Do you see more movement in any specific sector - i.e. single family, condominiums, townhouses?
"Single family home sales remains our strength," Sue said. "But we have also seen good activity in the condo market as those downsizing and the young people enjoy all of the options of living in downtown Arlington Heights, close to the train.
"In the single-family market we are certainly seeing people re-evaluating what they are looking for. They are looking at their particular needs, not just what they can get that is bigger."
And for the last several years, even before the major gas price spike of last summer occurred, people have also been trying to stay close to amenities like schools, shopping and entertainment, she said.
What differences do you see between the city and suburban markets?
"Chicago will take longer to rebound than the suburbs because there is such a big inventory of condos there," said Paul. "Arlington Heights and nearby suburbs, on the other hand, are totally built out, so inventory is not much of a problem."
Are first-time buyers who have no home to sell taking advantage of the low prices?
"Those buyers are very educated and they are watching and waiting for the perceived bottom of the market," Sue said.
"Since there has been talk of 4.5-percent interest rates, they are waiting for that to happen," Paul added.
"And then there is the lending issue. Banks have not been releasing money. If that changes in the first quarter of 2009, I think that you will see the number of first time buyers getting into the market increase," Sue said.
Have you seen your clients have trouble getting mortgages?
"Loans are available and if people qualify, they are getting them. The lenders are just scrutinizing things more and they should," said Sue.
"We have lost a couple of deals, however, because the people couldn't get a loan," Paul continued. "And it is taking much longer for banks to issue pre-approval letters. In addition, people are finding out when they get the letters that they cannot afford as much house as they originally thought, so they have to start the search process all over again."
The Ducheks strongly urge anyone interested in purchasing a house to get their pre-approval letter before they even start shopping since such a letter is now expected before a purchase contract is even written.
What steps need to be taken to help strengthen the Chicago area real estate market?
"Historically, when the economy loosens up, real estate is the first to rebound," Sue said.

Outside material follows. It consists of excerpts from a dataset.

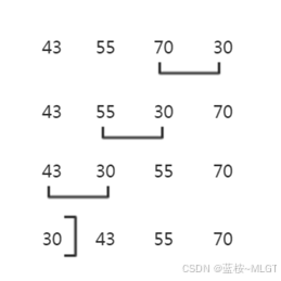 - 第一次从一堆里挑出最小的,放在第一个位置;第二次从剩下的里面挑最小的,放第二个位置......
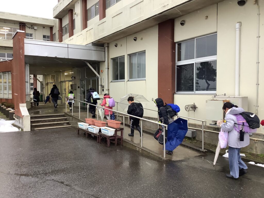 令和8年初日は、全校集会、学級活動、発育測定、給食と進み、13時20分頃下校予定です。
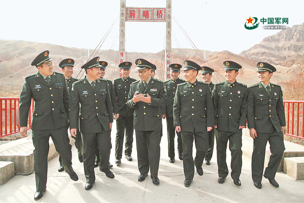 11月15日,新疆軍區(qū)某邊防團斯姆哈納邊防連前哨班官兵高興地迎來上級派來的黨的十九大精神宣講專家。張強 攝
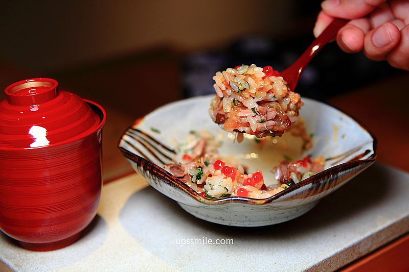 黑鮪魚胸鰭飯,以黑鮪魚胸鮨肉絲搭配鮭魚卵,加入四國青海苔提味,中間可見一個半熟漬蛋黃,建議把蛋黃拌開再食用,一款充滿繽紛色彩的醋飯。

"But before that can happen, banks need to loosen up on the money," Paul added. Requiring a credit score of 700 to buy a house is pushing it a bit. Of course, we don't want to go back to the haphazard lending that was taking place a few years ago, but they have to have some flexibility.
"The pendulum has swung to the other extreme and now we have to get back to the middle," Sue said.
"And prospective buyers need to educate themselves about what all of this means to them personally. They may get less for the home they are selling, but there are also better buying opportunities out there for them. They need to take a step back and look at the full picture so they can make the best decision for them," Sue said.